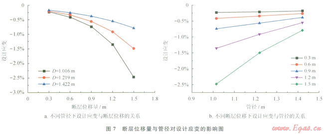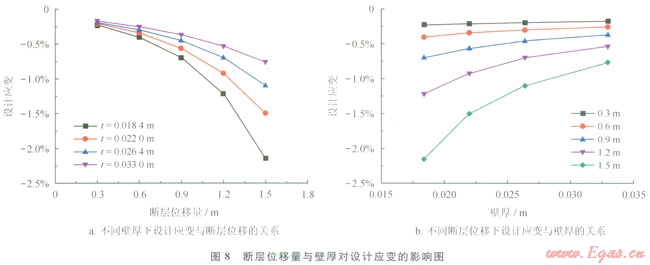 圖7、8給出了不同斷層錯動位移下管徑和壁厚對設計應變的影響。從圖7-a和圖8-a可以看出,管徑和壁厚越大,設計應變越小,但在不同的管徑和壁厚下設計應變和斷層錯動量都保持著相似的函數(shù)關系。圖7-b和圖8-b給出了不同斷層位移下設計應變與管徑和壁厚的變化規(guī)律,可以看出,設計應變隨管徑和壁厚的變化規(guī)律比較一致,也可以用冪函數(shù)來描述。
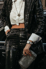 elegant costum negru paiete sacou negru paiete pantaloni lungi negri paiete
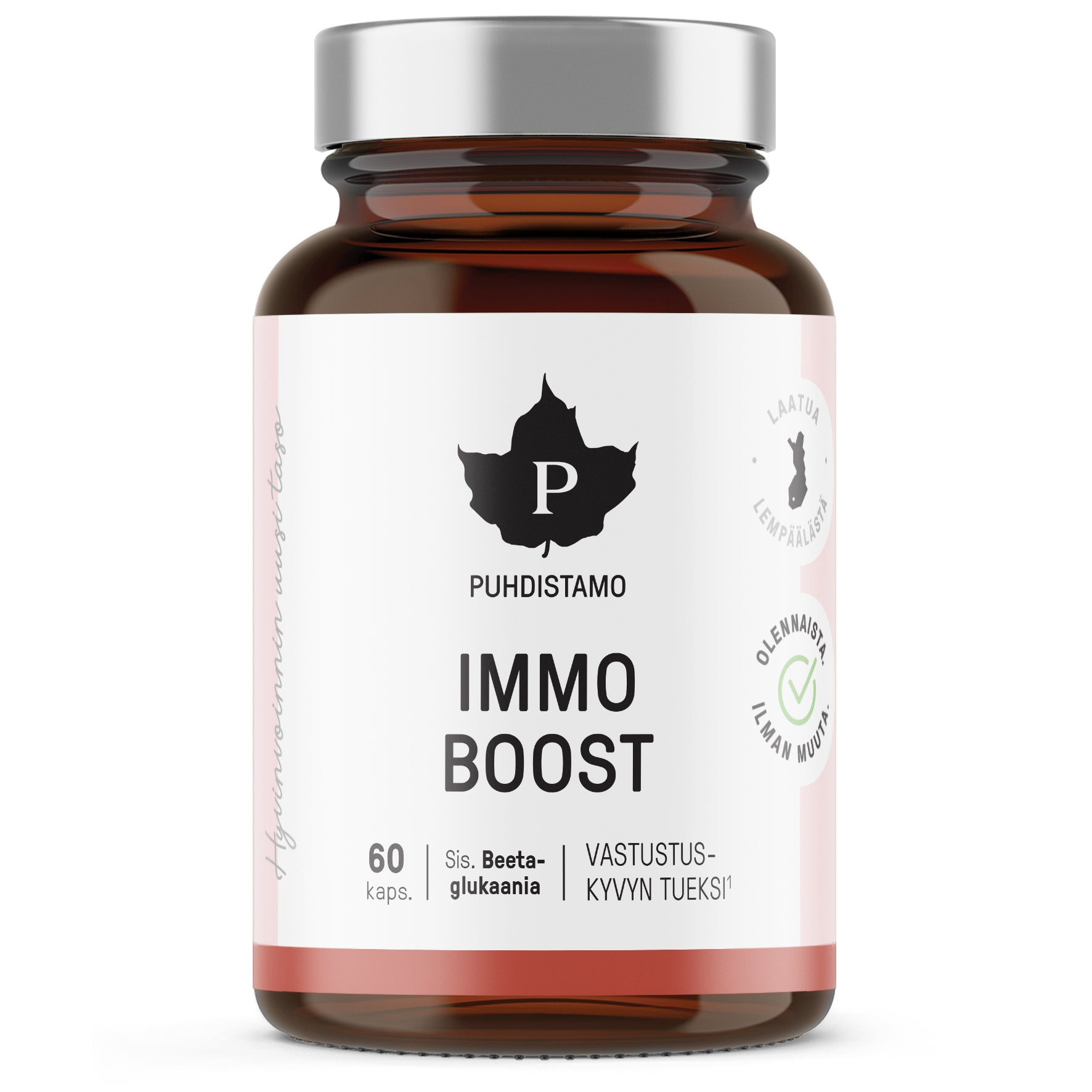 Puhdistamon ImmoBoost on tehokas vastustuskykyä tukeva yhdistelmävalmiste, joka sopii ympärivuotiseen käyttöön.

* * *

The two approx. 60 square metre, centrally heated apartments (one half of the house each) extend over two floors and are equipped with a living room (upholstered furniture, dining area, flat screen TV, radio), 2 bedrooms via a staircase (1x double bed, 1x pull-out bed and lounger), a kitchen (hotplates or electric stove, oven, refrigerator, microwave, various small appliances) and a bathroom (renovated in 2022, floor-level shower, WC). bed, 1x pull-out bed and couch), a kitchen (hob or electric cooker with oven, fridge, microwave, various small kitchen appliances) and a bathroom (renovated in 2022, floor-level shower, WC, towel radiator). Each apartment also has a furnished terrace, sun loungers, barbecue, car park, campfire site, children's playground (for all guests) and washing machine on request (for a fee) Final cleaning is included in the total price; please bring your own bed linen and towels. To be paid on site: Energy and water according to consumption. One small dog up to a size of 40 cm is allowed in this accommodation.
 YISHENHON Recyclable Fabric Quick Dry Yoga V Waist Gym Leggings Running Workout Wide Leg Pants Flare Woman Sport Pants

■ Brief: What you need to produce is an exact copy of the entries above, limited to the lines from the one with "圖7、8給出了不同斷層錯動位" up to and including the one with "Puhdistamon ImmoBoost on", without pictures.

■ The completed task:
 圖7、8給出了不同斷層錯動位移下管徑和壁厚對設計應變的影響。從圖7-a和圖8-a可以看出,管徑和壁厚越大,設計應變越小,但在不同的管徑和壁厚下設計應變和斷層錯動量都保持著相似的函數(shù)關系。圖7-b和圖8-b給出了不同斷層位移下設計應變與管徑和壁厚的變化規(guī)律,可以看出,設計應變隨管徑和壁厚的變化規(guī)律比較一致,也可以用冪函數(shù)來描述。
 elegant costum negru paiete sacou negru paiete pantaloni lungi negri paiete
 Puhdistamon ImmoBoost on tehokas vastustuskykyä tukeva yhdistelmävalmiste, joka sopii ympärivuotiseen käyttöön.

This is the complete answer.